Landasan Bahagiamu


Sebagai penulis novel ketika terluka mental atau batin, cara saya mengungkapkan kesedihan yaitu lewat menulis komedi. Ketika kesedihan saya menghasilkan karya, dibaca dan diapresiasi ketika itu saya sembuh. Karena saat saya berbagi kebahagiaan lewat tulisan, saya percaya akan ada seseorang lain di sana yang mempunyai tujuan serupa untuk membahagiakan saya.

Kebahagiaan itu harus ditarik sesudah kekecewaan mendalam. Ketika kamu mampu paham bahwa kekecewaan nggak membuatmu berkembang, aktivitas seratus persenmu teralihkan, menggerogoti dirimu yang ceria, kamu mencari cara untuk kembali pada kebahagiaan, karena kecewa itu nggak ada yang abadi.

Berbincang tentang kebahagiaan dan kesedihan, saya pernah bertanya pada seorang teman cara supaya kita bisa menjadi sumber kebahagiaan dan kesedihan bagi diri sendiri, bukan melulu orang lain.
Yang saya maksudkan, ketika kamu berkumpul dengan sahabat, sahabatmu itu humoris parah, kemudian ketika kalian pulang, tawa itu nggak bertahan karena sumber kebahagiaannya sudah pergi.
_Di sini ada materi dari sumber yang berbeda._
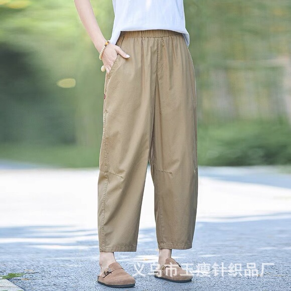 日系裤子女夏季薄款宽松八分休闲裤气球裤小个子
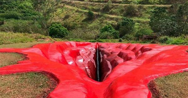Una vagina roja que abre la tierra, que es visible a distancia, que se refleja en el agua, que atrae a todos, es una obra de arte que ha provocado reconocimiento, críticas e intentos de censura en Brasil. Fue creada por la artista Jualiana Notari y en redes sociales ha causado mucho interés.
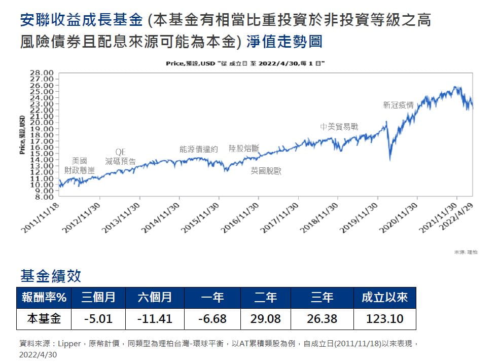 安聯收益成長基金(本基金有相當比重投資於非投資等級之高風險債券且配息來源可能為本金)
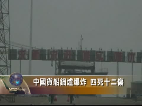 【新唐人2012年3月4日訊】中國南京發生一起貨輪鍋爐爆炸事故。爆炸發生在星期五晚上11點,南京長江油運公司紫金山船廠將這艘散貨船修理完畢,在交付給母公司中國長江航運(集團)總公司前,發生鍋爐爆炸,造成4名工人死亡,12人受傷送院治療,事故發生原因仍在調查中。
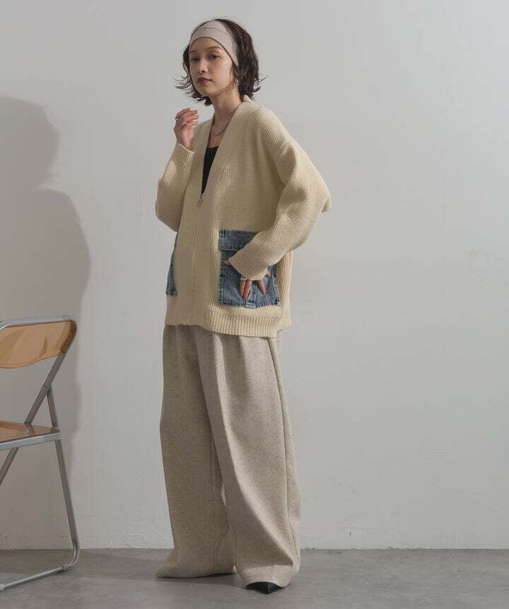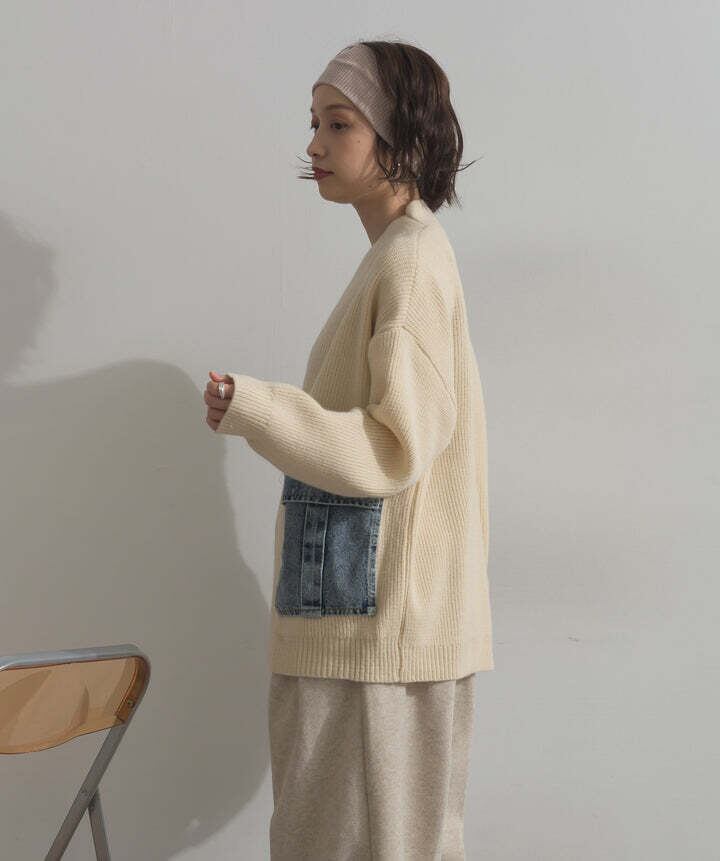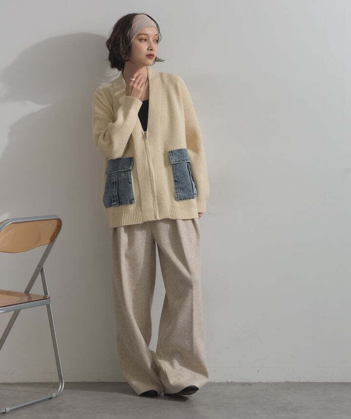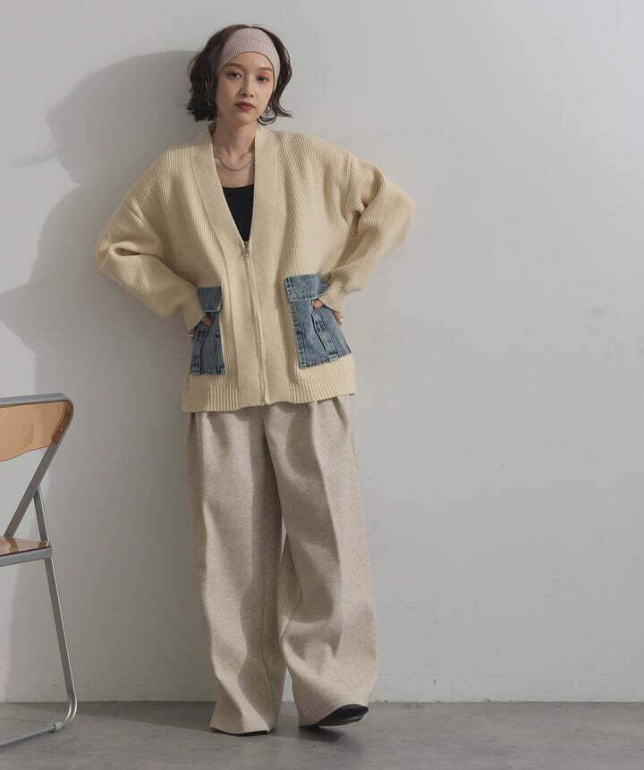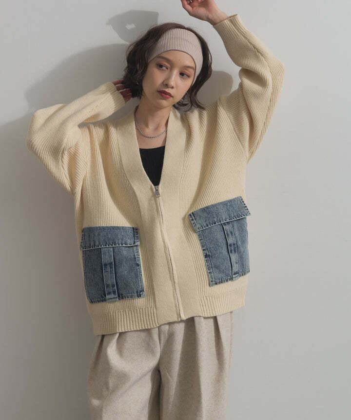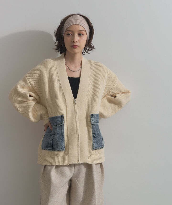 HD2510023 デニムポケットジップニットカーディガン ivory
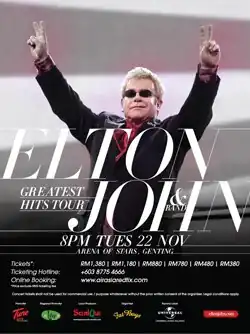 The Greatest Hits Tour[1] was a concert tour by Elton John. The tour started in February 2011 in Victoria, British Columbia, Canada[2] and has visited the Americas, Europe, Asia and Australasia. The tour placed ninth on Pollstar's "Top 50 Worldwide Tours (Mid-Year)", earning over $40 million with 57 shows.[3]

Kamu jadi kesepian, kesedihan datang. Dan kembali, orang itu lagi-lagi menjadi sumber kesedihan kamu.

Teman saya sempat kebingungan, tapi bagusnya dia jawab dengan baik dan religius.

Dia menyampaikan, bahwa sumber segala kebahagiaan dan kesedihan berawal dari hati dan sang pembolak-balik hati hanya Allah SWT. Jadi dekatilah Allah, minta pada-NYA agar mengganti kesedihan dengan cahaya Al-Quran, itu konsepnya. Kalau ikhtiarnya, buat diri sendiri sibuk dengan hal yang berguna, disaat sedih terima dengan ikhlas, lama kelamaan hati akan bertambah kuat dan kesedihan yang ada kini nggak akan bisa menyakitimu lagi.

Jadi sumber kebahagiaan dan kesedihan kamu bukan lagi bergantung pada makhluk tapi pada Sang Pencipta. That’s the key.

Di novel karangan saya Happiness Theory, saya pernah menuliskan bahwa bahagia itu dari pikiran. (Jawaban lain yang saya benarkan namun seringnya lupa diaplikasikan ke kehidupan, bahwa bahagia itu bersyukur apapun yang didapat dan terjadi).

Mengenai bahwa pikiran mempengaruhi sebagian besar aktivitas kebahagiaanmu, ada studi yang dilakukan Arbie Sheena berdasarkan pengamatan dari Universitas Kehidupan. Kesia-siaan itu ada dua hal: Bicara dan pikiran yang sia-sia.

*Bicara yang sia-sia, seperti kamu bergosip tentang keburukan seseorang padahal belum kenal secuilpun.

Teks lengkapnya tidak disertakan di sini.